Our dear community,
Our organization and this Substack has gone through a little transformation! We are now formally called the Awe Exchange - and we’re so excited to be building, creating and experimenting in new ways, using the power of awe and collective imagination to help create a world where change-makers can dream in uncertain times, whoever and wherever they are.
Thanks for being part of the journey.
So.. what is 'Awe-Based Change-Making’
Many activist movements today operate on a currency of urgency. While our house truly is on fire, it’s difficult to see beyond the emotions of fear, anger and guilt. While righteous anger can catalyze action in the short-term, studies show it rarely sustains long-term engagement. And with rising activism-related mental health challenges like burnout and eco-anxiety, fear-based approaches can actually disempower changemakers.
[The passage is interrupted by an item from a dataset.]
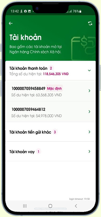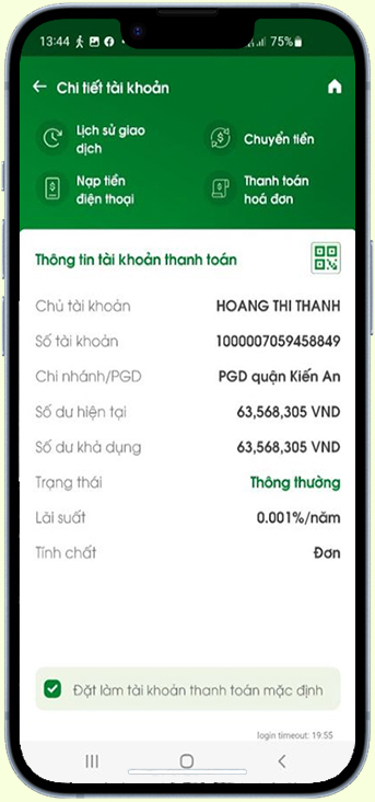 App hiển thị toàn bộ lịch sử giao dịch trong vòng 7 ngày của tài khoản thanh toán. Trường hợp muốn tìm

The more urgent these times become, the more paralysis we can feel.
‘Awe Based Change-making’ is an approach that taps into the power of awe - that feeling of wonder, connection and smallness we get when encountering something vast, something that reframes our understanding of reality.
This is not a silver bullet nor a replacement for the entirely valid emotions listed above. Awe is an ingredient that should be considered when building collective change.
Here are three key principles:
Fostering Interconnection - Experiences of awe may help dissolve barriers between self and other human and non-human actants (trees, insects, the bench you’re sitting on etc.). This interconnectedness felt when we experience this emotion can motivate protecting what we collectively share.
"Leave no one behind (LNOB)” is the central promise of the United Nations 2030 Agenda for Sustainable Development. LNOB starts by recognizing who is currently being left behind in the first place. So, how do we start recognizing others (both human and not) connected to our living systems?
Experiencing awe can shift our attention to the systems around us. It's an act of noticing that has the potential to anchor us in a deeper 'knowing'. In the thirteenth century, Islamic philosopher Ibn Yami used the 'known/unknown' method that we often see in Design Thinking methodologies today. This framework categorizes knowledge into four types: known knowns, unknown knowns, known unknowns, and unknown unknowns.
Awe grounds us in wonder and curiosity, which drives discovery of the 'unknown knowns' and 'known unknowns'. It opens us to ask questions, identify blindspots, and imagine possibilities. Awe dissolves barriers between the self and nature, sparking the interconnectedness that motivates protecting our shared commons.
Inspiring Curiosity within the Complexity - Awe provides relief from anxious fight-or-flight mindsets. When anchored in wonder, urgency becomes possibility, apathy becomes engagement.
Awe is a spectrum of emotion, both awesome and awful. It can inspire hope, but it can also birth a feeling of discomfort. The shade of grey that is the experience of awe can reveal a different flavour of ‘hope’. A as strong believe in keeping hope alive, I do see the danger in relegating action and putting hope on a pedistal.
Environmental peacemaker Olivia Lazard says it so well:
”(…)I think the binary conversation that puts despair on one side and optimism on the other has become quite counterproductive in the conversation about climate change and ecological overshoot. When hope is a larger part of the story, people delegate responsibility away to the people who make it their business, and it stops being a collective story.”
Awe can offer a new perspective on the realities we are living through - possibly even to show us beauty within the complexity of the emotion itself.
And lastly…
Sparking Creativity - Awe unlocks wonder, imagination and new perspectives. This flexibility is crucial for thinking beyond the polycrisis we’re facing, and envisioning what our collective future could look like.
At the Awe Exchange, we're working to make awe-based tools accessible to changemakers worldwide. Our projects gather interdisciplinary research, pilot models with partners, and convene coalitions to drive adoption. We provide science-backed resources so organizations can integrate awe into their approaches.
The goal? Forge a new era of changemaking rooted not solely in fear, but shared awe, wonder and curiosity. Awe helps us remember we're in this together.